– Подходи, не задерживай, подходи!
Звенело стекло стакана, рыжий мужик внушительно гулко сказал:
– Их учить надо!
Старичок-плотник отделился от людей, осторожно щупая ногами камни, брошенные нами в реку, перешёл на нашу сторону, присел на корточки и стал, фыркая, плескать водой в лицо себе, весь розовый в густых отблесках огня.
– Ударили, должно быть, – тихо сказал Силантьев.
Да, ударили. Когда он подошёл к нам, мы увидали, что по его усам и мокрой белой бороде текут из носа тёмные струйки крови, а на рубахе, на груди – тоже пятна и полосы.
– Мир беседе, – строгим голосом сказал он и поклонился, прижав левую руку к животу.
– Садись, милости просим, – сказал пскович.
Теперь старик напоминал изображение святого отшельника – маленький, сухой и чистый, несмотря на рубаху в крови. От боли и обиды или от углей костра его мёртвые глаза как будто ожили, стали светлее. И ещё строже. Смотреть на него было неловко, стыдно.
Покрякивая, шмыгая широким носом, он отёр бороду ладонью, а ладонь – о колено, протянул над углями старые, тёмные руки и сказал:
– До чего вода в речке этой холодна – просто ледяная…
Силатьев спросил, взглянув из-под ресниц в лицо ему:
– Больно ушибли?
– Не-е. По переносице ткнул. Это место на кровь хлибкое. Господь с ним, ему с этого не прибудет, а мне страданье – в зачёт перед духом святым…
Он поглядел на ту сторону реки: берегом шли двое людей, плотно прижавшись друг к другу, и тянули пьяными голосами:
Умру я тё-омной ночью
Осеннею порой…
– Давно меня не били! – заговорил старик, приглядываясь к ним из-под руки. – Годов… годов с двадцать, поди-ка, не били уж! И сейчас – зря, никакой моей вины нет. Гвоздей мне недодано, деревянным колышком многое пришлось вязать. Тёсу не хватает, того, сего. Ну, – не поспел я к сроку, а вина – не моя. Они – для экономности – воруют что попало, старшие – главные, я не отвечаю. Конечно, я признаю это: дело казённое, люди они – молодые, жадные, – сделай милость, воруй! Всякому хорошего охота взять задёшево… А моей вины в этом нет. Озорники. Пилу порвали у старшего сына моего, новая пила. Мне, старику, кровушку пустили…

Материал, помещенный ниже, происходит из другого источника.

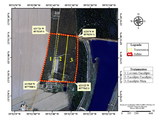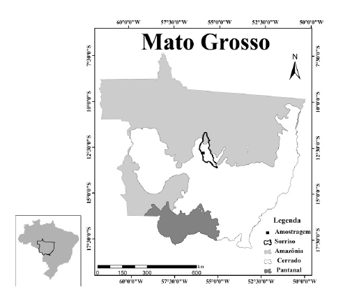 As queimas controladas foram realizadas na Fazenda Santo Antonio (pertencente a Empresa Brasil Foods - unidade de Lucas do Rio Verde), no município de Sorriso, região centro-oeste, mesorregião geográfica médio-norte do estado de Mato Grosso, considerada como transição Cerrado-Amazônia. As parcelas foram inseridas entre as latitudes 12° 32’ 43” S e as longitudes 55° 42’ 41” W, com altitude média de 365 metros e topografia plana (Figura 1).
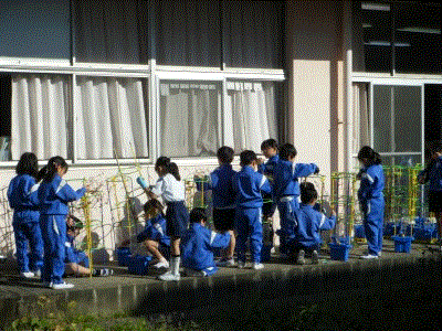 1学年の子どもたちが教室の窓側で作業をしています。生活科の学習で、アサガオのつるを使い、リースを作ります。大きく育ったアサガオのつるを支柱からていねいにはずし、長さを整えてリースの形に巻いていきます。これから落ち葉や木の実を飾り付ける作業も楽しみですね。

Его маленькое, серое лицо сморщилось, стало ещё меньше, он прикрыл глаза и всхлипнул сухим, скрипучим звуком.
Силантьев завозился, тяжко отдуваясь, – старик внимательно взглянул на него, высморкался, вытер руку о штаны и спокойно спросил:
– Будто видел я тебя где?
– Видел; весной был я у вас в станице… Молотилки чинил.
– Так, так! То-то я гляжу. Значит, это ты? Несогласный?..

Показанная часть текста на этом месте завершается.